Pharmaceutical company Valeant acquired heart drugs Isuprel and Nitropress in 2014. As soon as they had done so they raised the prices of the two drugs by 600% and 300% respectively. Isuprel now costs US$1,346.62 per vial and Nitropress, US$805.61 per vial. We couldn’t have a better example of what not to do to raise your prices. So serious were the consequences that the company’s officers have now been questioned by politicians. The now departed CEO of Valeant made his exit with an apology for his “aggressive” management of the company. I’ll bet “aggressive” is what he was appointed for originally.
TESCO, the big food retailer, were caught in a trap of price increases when they should have been looking at price decreases. So persistent had inflation been that they got into a habit of regular price increases – and continued doing it even when there was deflation. A good example of system overriding thinking.
All suppliers need to raise prices from time to time.
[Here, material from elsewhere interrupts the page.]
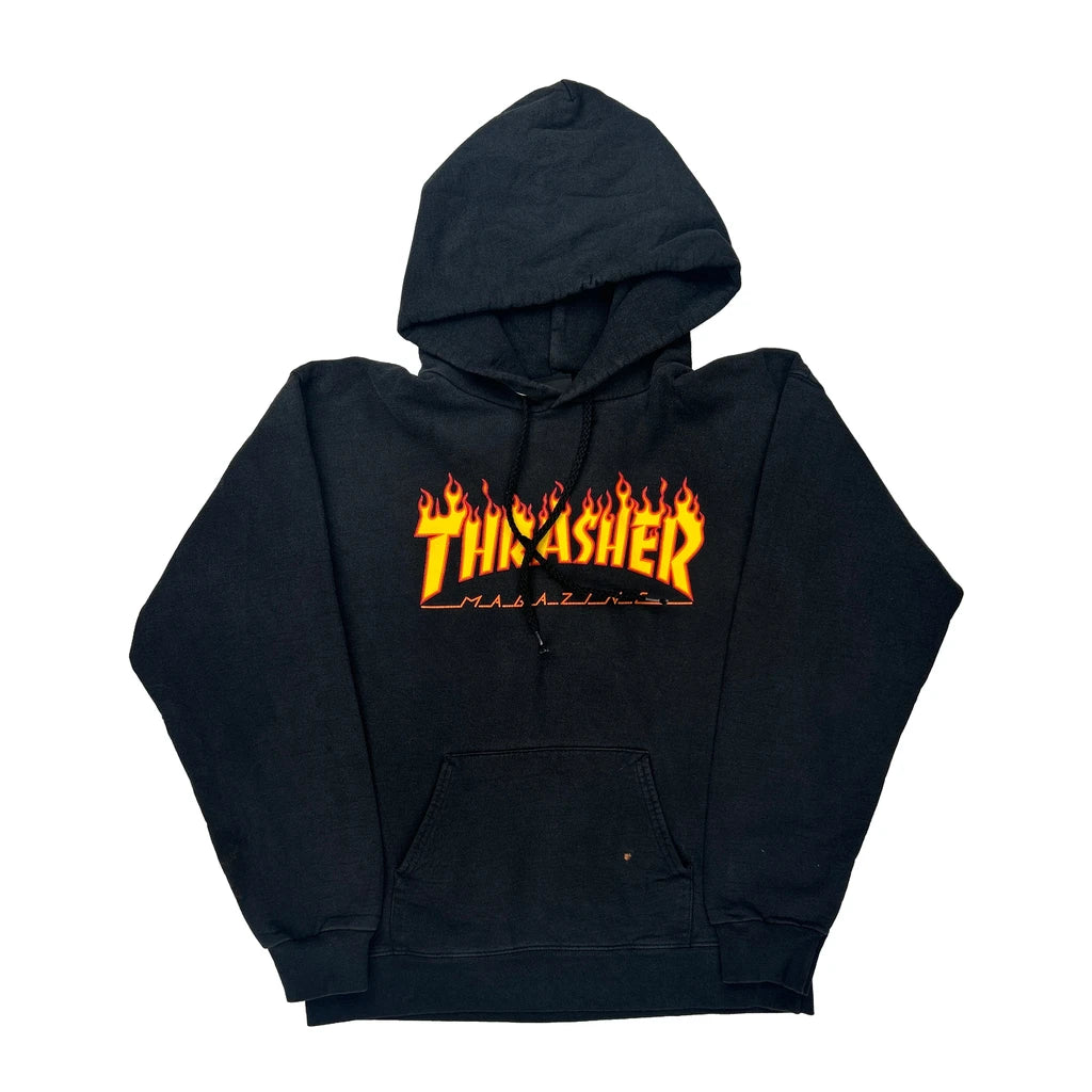 Flame Logo Thrasher Graphic Hoodie - Medium Black Cotton Blend

Increased costs, improved performance, a need to fund more expensive research, repositioning your product or service, all call for higher prices. These reasons are producer driven. Selling is about being customer driven. Customers don’t like price increases so how you implement them is important to your future prosperity. Badly handled price increases can ruin a perfectly sound business.
Rule No 1 is do it little and often. People adjust fairly quickly to new prices, often after an initial grumble. The less the increase the less there is to grumble about. Banks know this. They start by charging $10 and then another $10 and so on until you are paying big charges but without having had to go through a huge increase at any one time. You probably forgot to complain on the way for fear of being thought too poor to pay $10.
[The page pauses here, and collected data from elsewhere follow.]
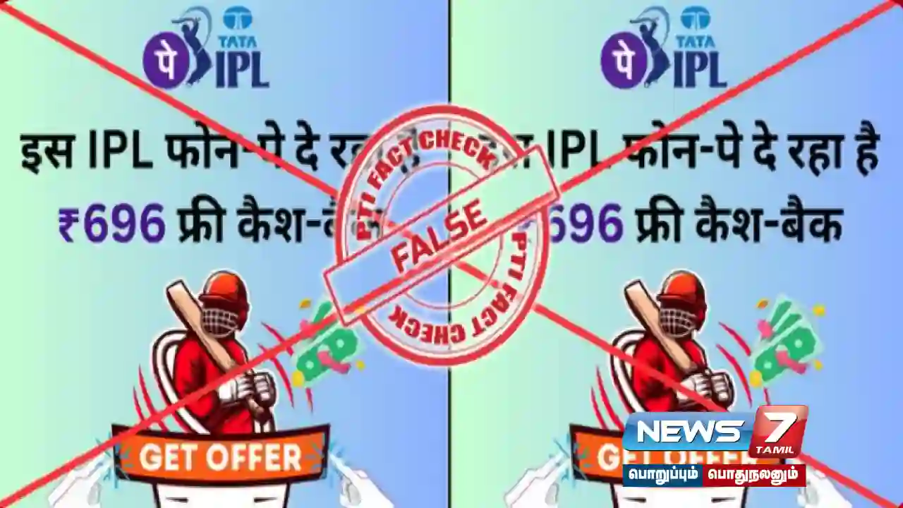 இந்த ஐபிஎல் சீசனில் ரூ.696 கேஷ்பேக் வழங்குவதாகக் கூறி பல சமூக ஊடக பயனர்கள் ஃபோன்பே பெயரில் ஒரு பதிவைப் பகிர்ந்துள்ளனர். டெஸ்க் தனது விசாரணையில், இந்த வைரல் பதிவு தவறானது என்று கண்டறிந்தது, ஏனெனில் நடப்பு ஐபிஎல் சீசனுக்காக ஃபோன்பே எந்த கேஷ்பேக் சலுகையையும் வழங்கவில்லை. மேலும், பகிரப்பட்ட இணைப்புகள் மோசடி பக்கங்களுக்கு வழிவகுக்கின்றன.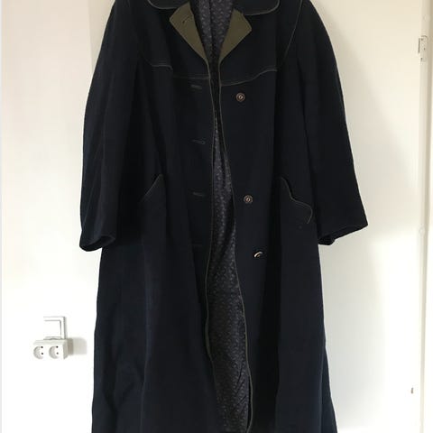 Elegant blå uldfrakke med bordeaux farvet besætning str. 50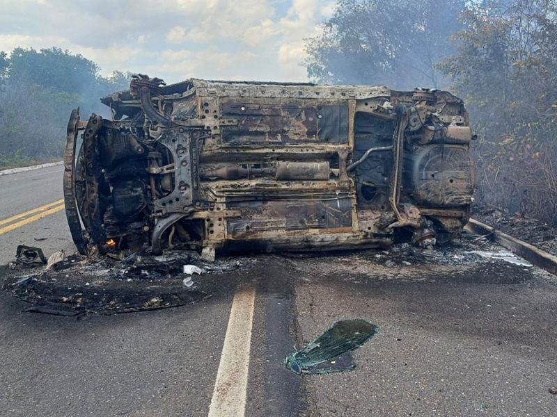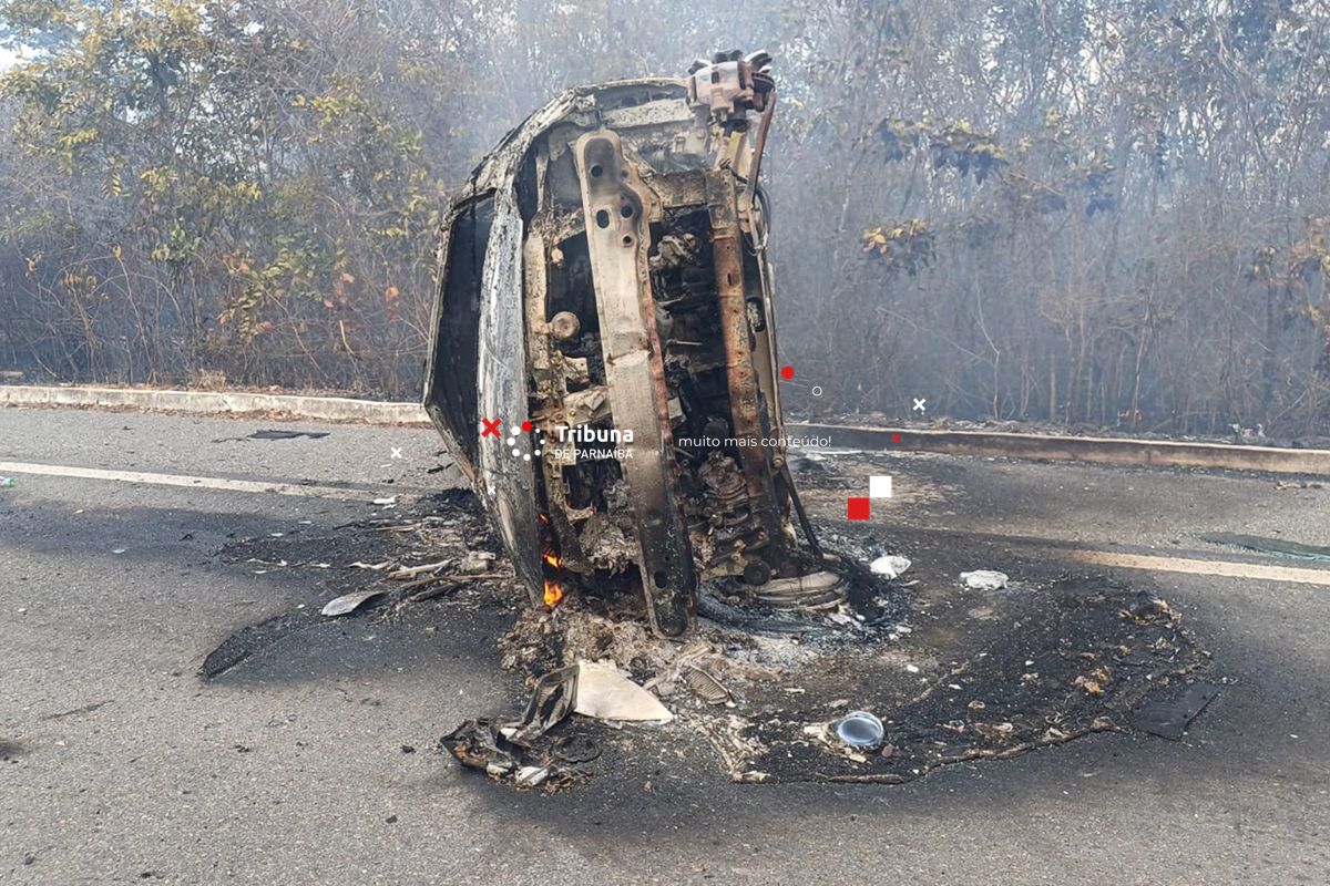 O sinistro envolveu um veículo Nissan Livina, que capotou após o estouro de um dos pneus e, em seguida, foi consumido pelo fogo.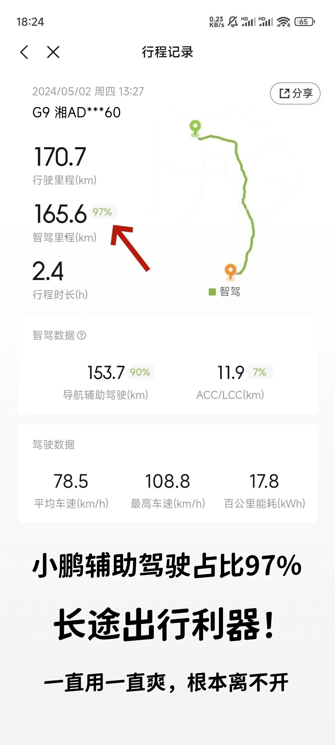 170KM的路程,小鹏的辅助驾驶就占到了97%,自从用过之后,真有点过度依赖了,根本离不开,只要路况合适就会开启!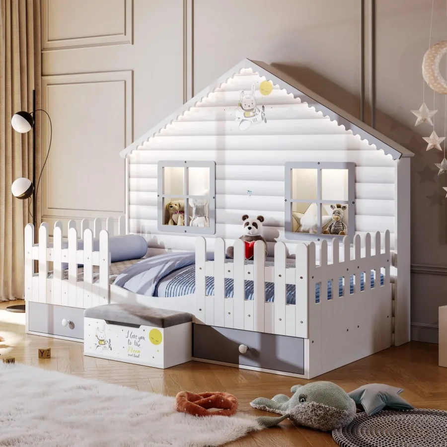 Küçük Ev Montessori, ev formundaki tasarımıyla sıcak ve keyifli bir uyku alanı sunar. 100x200 ölçüsüyle kullanışlı ve dekoratif bir montessori karyoladır.Küçük Ev Montessori Masko'da Bebek, çocuk, genç odası mobilayaları satan firmalardan Meltem Kids firmasının bir ürünüdür.

Rule No 2 is about how much to explain a price increase. You get different answers from different businesses. People are generally reasonable and a sensible explanation of a price increase is usually tolerated. But that depends on who it comes from. A well-known bank that has the doubtful distinction of having been fined more than any other bank in the world has just announced that it is reducing its interest on deposits by 75%. Measurable interest is already paid only on big deposits. Now the interest is reduced to virtually nil. I see this as one step away from negative interest. You can be certain that’s where this is heading.
They will, I am sure, be glad to lose the account I have had with them since 1951.
Prices are determined by a number of factors including customer satisfaction and competition. Getting yourself into a price war is no way to develop a business. How do you avoid that? Position yourself correctly in the first place. Where will you be on the quality scale? You can only decide that when you express your purpose for the business clearly. Having done so you will then assess customer satisfaction by how well you retain them. Clearly in the case of the above bank, very well until today. Now the break has come.
When that happens beware, you have over-priced or under-performed.
Or both.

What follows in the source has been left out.